In the 1940s, Morris pioneered something he called “photo-texts,” books that mixed his own stark photographs, usually of houses and other buildings, seldom of human beings, with blocks of prose. The relation of image to word isn’t simple illustration, as in a children’s book or encyclopedia. Rather, Morris’ juxtapositions set off an evocative resonance rooted in memory and myth. The text is not a continuous narrative, and often blurs fiction and essay. His first work in this genre was The Inhabitants (1946), which I have in front of me, followed by The Home Place (1948), and God’s Country and My People (1968). The title of The Inhabitants is drawn from a passage in the “Economy” chapter in Walden, which Morris uses as an epigraph to the volume:
“What of architectural beauty I now see, I know has gradually grown from within outward, out of the necessities and character of the indweller, who is the only builder – out of some unconscious truthfulness, and nobleness, without ever a thought for the appearance and whatever additional beauty of this kind is destined to be produced will be preceded by a like unconscious beauty of life…it is the life of the inhabitants whose shells they are.”
The first picture in The Inhabitants is a barn photographed squarely from the front.
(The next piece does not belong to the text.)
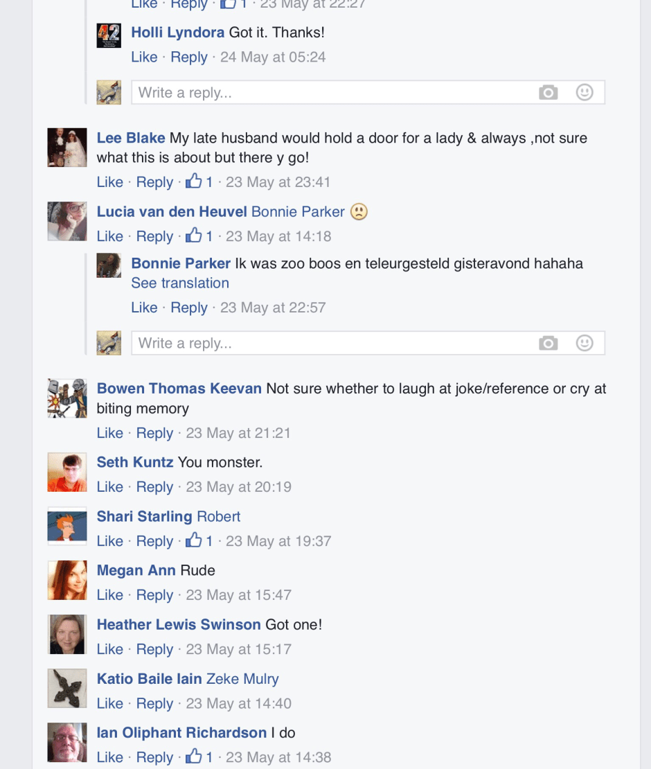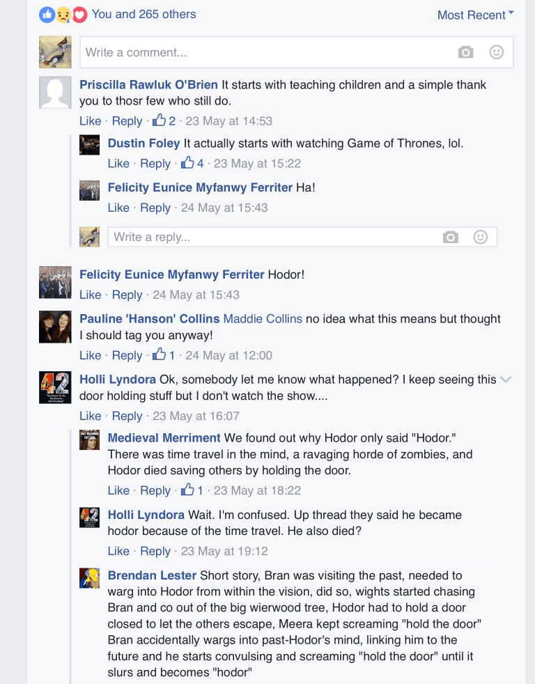 I’m not taking screenshots of all the comments and posting them here; there are over 250 of them. Many iterations of the weeping face emoticon, “the feels” and other attempts to express over-emoting, “what’s going on?” “Rude” and repeats of “Hodor hodor,” etc. Here are a few of the more interesting ones, though:

To the left is a leafless tree, a section of fence and a wooden shed. To the right, in the middle distance, is a stone fence. The horizon is a distant tree line, a gray smudge. The barn is immaculate clapboard geometry – a rectangle topped by a triangle. In the center is a door opening on what appears to be a stall. Above is the window in the hayloft – another rectangle topped by a triangle, echoing the roof line. The text on the facing page, too, is an echo – of the epigraph from Thoreau:
“Thoreau, a look is what a man gets when he tries to inhabit something – something like America.
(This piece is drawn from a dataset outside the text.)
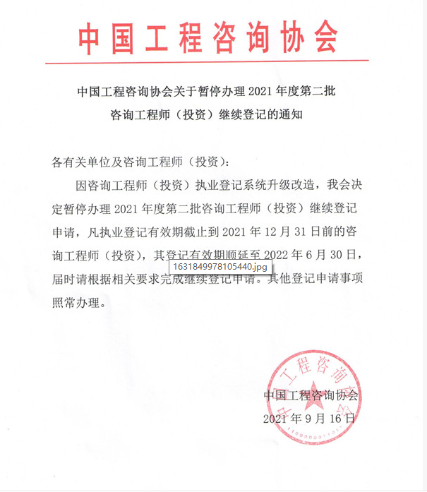 中國工程咨詢協(xié)會關于暫停辦理2021年度第二批咨詢工程師(投資)繼續(xù)登記的通知

“Take your look – from your look I’d say you did pretty well. Nearly anybody would say you look like a man who grew up around here – but I think I’d say what there is around here grew up in you. What I’m saying is that you’re the one that’s inhabited.”
A longer paragraph, in which we find these wonderful sentences, follows: “In all my life I’ve never been in anything so crowded, so full of something, as the rooms of a vacant house. Sometimes I think only vacant houses are inhabited.”
The barn resembles a church – a small, weathered country church. When I drive past such places, I always want to trespass, and I use that verb in a double sense. There’s legal trespass, violating another’s property, but there’s also violation of lives lived, of memory sanctified, knowing that generations of families lived here, inhabited this space, accreted their lives in the planks and lathing, yet entering anyway. I, the stranger, become a voyeur of the invisible. I know modern, lived-in houses that feel history-free, disinfected of memory, with walls fashioned of some synthetic substance to which nothing can bind.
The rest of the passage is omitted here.